━━━ DATASET CONTENT

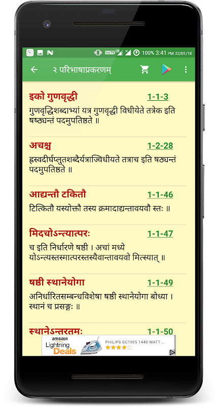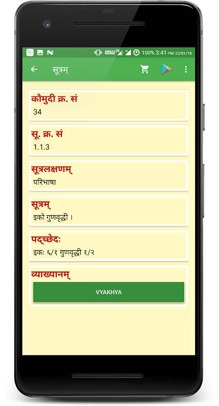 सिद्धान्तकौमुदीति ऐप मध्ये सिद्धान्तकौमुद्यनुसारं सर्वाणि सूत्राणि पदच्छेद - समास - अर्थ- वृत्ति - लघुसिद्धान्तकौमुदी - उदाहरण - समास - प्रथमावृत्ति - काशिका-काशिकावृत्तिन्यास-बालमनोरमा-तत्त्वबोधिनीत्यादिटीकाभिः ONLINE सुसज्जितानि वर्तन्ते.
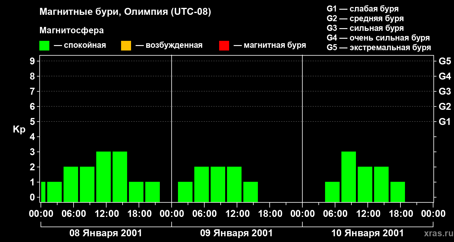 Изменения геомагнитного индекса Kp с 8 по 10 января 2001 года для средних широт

━━━━━━
━━━ DATASET CONTENT

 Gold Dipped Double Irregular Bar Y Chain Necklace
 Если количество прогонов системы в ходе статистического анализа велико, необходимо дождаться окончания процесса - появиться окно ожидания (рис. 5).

━━━━━━

BRIEF: Where the data above reaches the line holding "Gold Dipped Double", begin printing, and stop after the line holding "Если количество прогонов". Each line must be reproduced exactly, with nothing else added.

REPLY:
 Gold Dipped Double Irregular Bar Y Chain Necklace
 Если количество прогонов системы в ходе статистического анализа велико, необходимо дождаться окончания процесса - появиться окно ожидания (рис. 5).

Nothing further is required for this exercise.